Flight following them as they spiraled down from operational altitude was a safety
precaution to make them aware of any planes in their vicinity until they got low
enough to land.
Should
I have told him about the sergeant from my old outfit that told me about the in
country hop he'd been on when the pilot "accidentally" landed in Cambodia
during a time when the U.S. wasn't officially there? "Oops! I wasn't supposed
to be here today!" the pilot said.
How
about all the unauthorized, unscheduled, un logged missions that airborne Forward
Air Controllers, fighter / bomber pilots and air traffic controllers routinely
put together?
Naw.
Let people keep thinking there really are secrets. There's only restricted access
to information that usually and eventually spreads beyond people who think they've
controlled and contained information and knowledge.
I
met some of the Ohio State graduate students my wife had befriended while I was
in Nam after I got back. I remember the low rent dinner party we went to. While
every one else stuffed their faces, I was the only one who paid any attention
to the TV newscast showing scenes of fire fights on Saigon streets I'd walked
only a few days ago.
The
orders to my new duty station had disappointed me. Maine? I wanted California!
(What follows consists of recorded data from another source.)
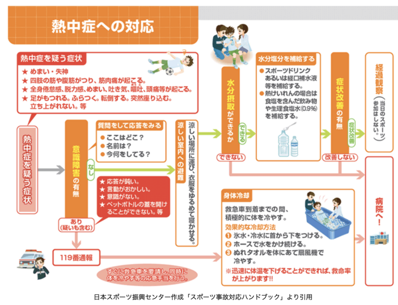 今年度は、昨年度に比べ様々な活動が幅広く展開されることが見込まれます。熱中症の疑いがある症状が見られた場合には、早期の水分・塩分補給、体温の冷却、病院への搬送など適切な処置を行ってください。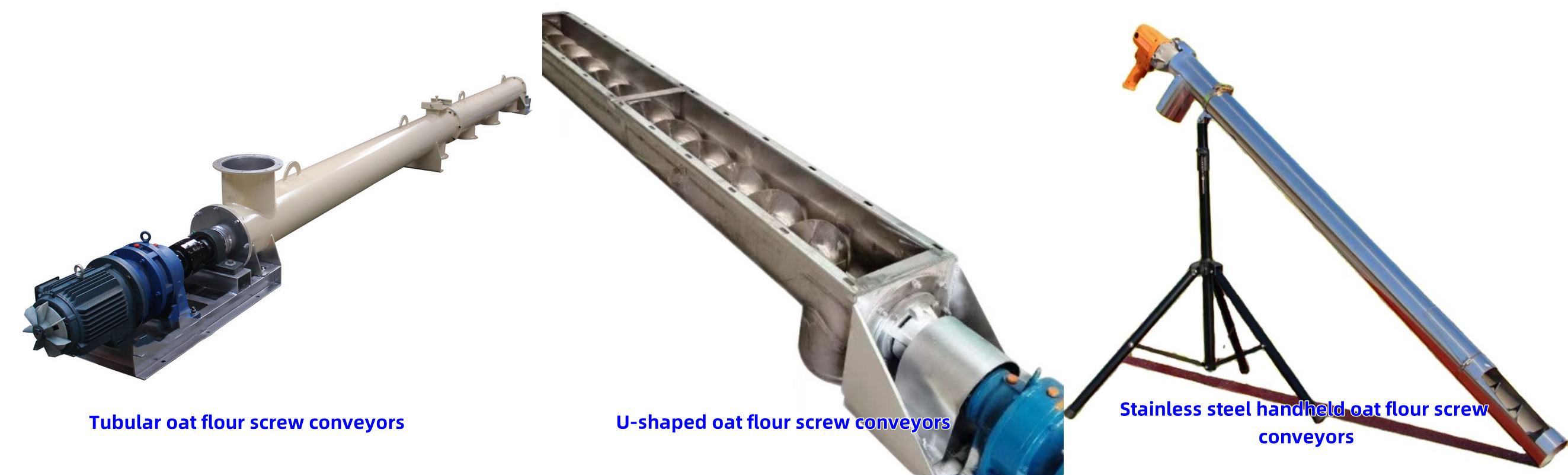 Depending on their structure and application, Oat Flour Screw Conveyors are primarily categorized into three types: tubular, U-shaped, and stainless steel handheld. Each type is designed to address the fine, dusty characteristics of oat flour.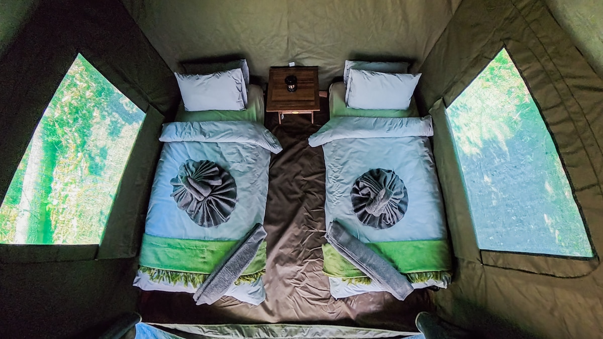 Our newly appointed Meru tents (sleep 2) with en suite toilets and open air showers are set in a shady spot at Sitatunga. Inside the tent you find twin beds with Mosquito nets, bed side tables with a kettle and a fan. the back door is a zip up that leads out onto the en suite shower and ablutions.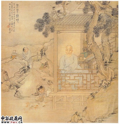 此画在两株虬曲的松树下,有傍石而建的水榭,一中年男子倚栏而坐。榭内琴桌上置有茶具、书函,一侍童在水边涤砚,数条金鱼正游向砚前;另一侍童拿着蒲扇,对小炉扇风烹茶。人物线条尖细挺劲,转折硬健,师法陈洪绶而不受所围,其技法已臻纯熟,仪容闲雅,设色清淡,为清末海上画派的风格。这是同治十年(1871),作者三十九岁时,为友人文舟所作的肖像画。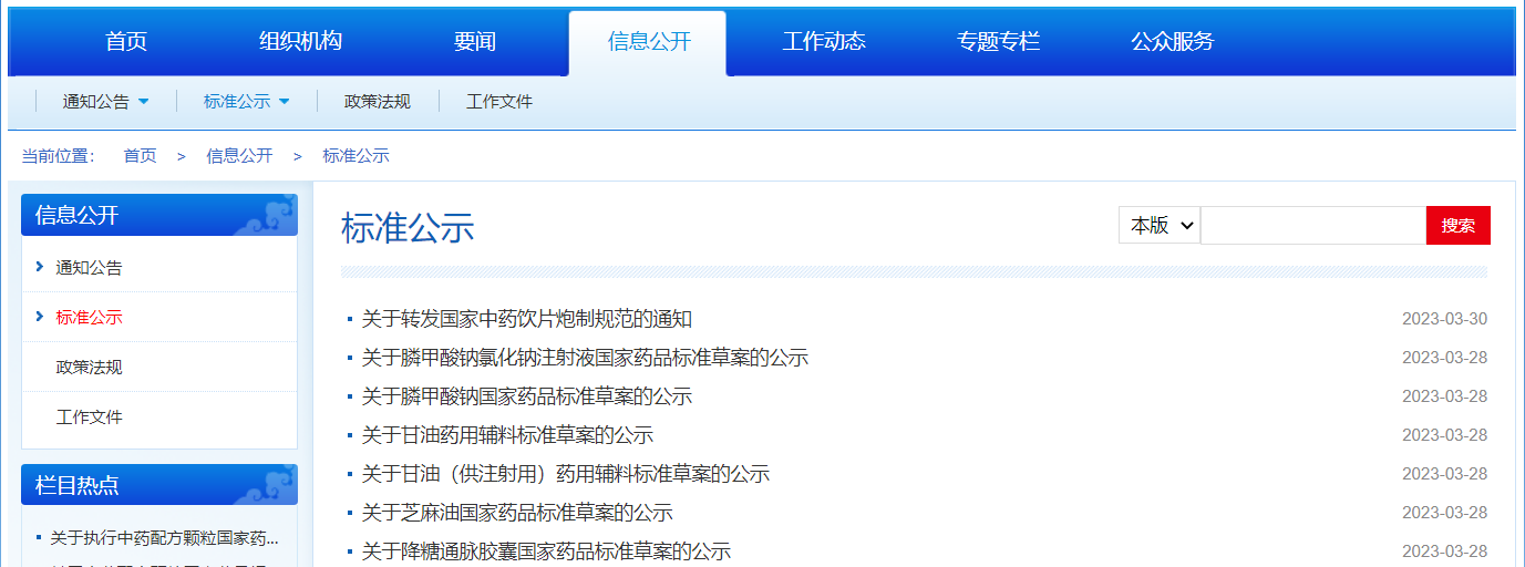 發(fā)布4個品種的國家藥品標準草案的公示,2種藥用輔料標標準草案公示。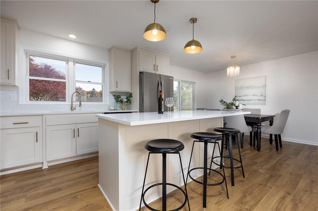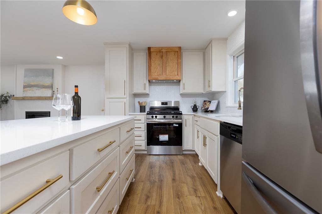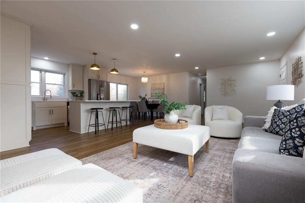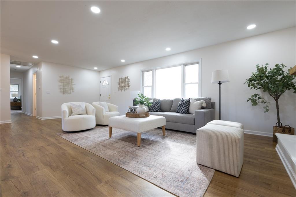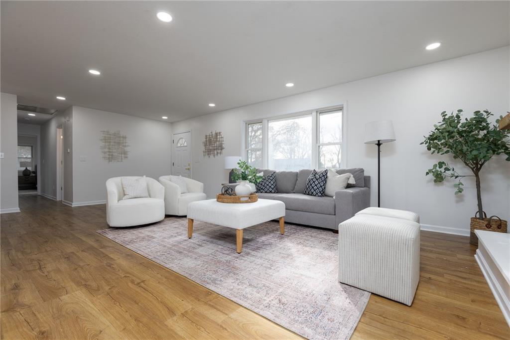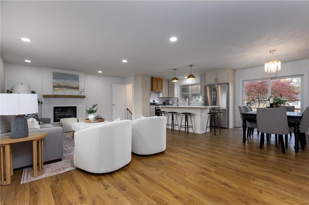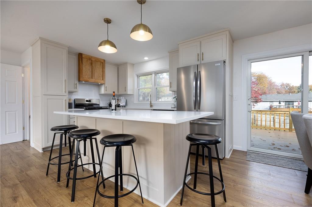Shows great with all new!!! Spectacular home with new exterior & interior paint. Open plan with new electric fireplace in the Living room opening to the Spacious Kitchen and Breakfast Area. Quartz counters & Island. New Cabinets & drawers, sink, fixtures, appliances. 3 sizeable bedrooms on the main floor. New Hall Bath. New Primary Bedroom Bath. Full finished Rec Room. Huge deep Oversized 2 car side entry garage. Brand New 23x14 Deck overlooking the large privacy fenced back yard. New front deck/porch. Central air 3 years, Furnace 5 years, Hot water heater 2 years. Nice quiet neighborhood with easy access to I-70 Hwy and shopping. This a beautiful newly refinshed home!

Actually it was a blessing. A good place to unwind a little. Semi rural. Beautiful
country and seascapes. Nice people. My first child was conceived there.
The
U.S. powers that be won all the major battles of Tet-eventually. It also learned
that it wasn't going to be as easy as they thought to win what was-at least to
the Vietnamese factions involved-primarily a civil war.
The
U.S. had the advantage of weapons and technology. The VC and North Vietnamese
had better knowledge of the terrain, the culture, the history and the people.
Time's tide flowed, at that moment, against colonialism, neo colonialism and client
states.
Once
Vietnam was reunified, it fought the Khmer Rouge to stop mistreatment of ethnic
Vietnamese in Cambodia and to solidify that border. It fought a short border war
with the Chinese. Vietnam is now a country with most of it's population born after
"the American war." It has its inequities and injustices. It will transform
itself at its own pace. It will never be "perfect." What country is?
The
U.S. has taken its experience and knowledge and moved on, pushing new, and old,
rivers.
There's
a Vietnam era GI saying about "the American war" that goes "I wouldn't
take a million dollars for the experience I had. I wouldn't do it again for a
million dollars."
Shortly
after I returned to the states, Lyndon Johnson announced his intent not to stay
in power. Martin Luther King and Bobby Kennedy were killed.
Boston
raged about school integration. Affirmative Action helped more white women than
any one else. Disco died. Suburbia grew. We went to the moon. Computers got desk
topped size and smaller. And the wheel keeps turning. Sometimes in ruts. Some
times in new lurches. And, every once in a while, in new paths.
Often
I wonder: Will America grow up while, or after, "We're #1?" Will we
ever learn to "embrace the suck" we can't avoid?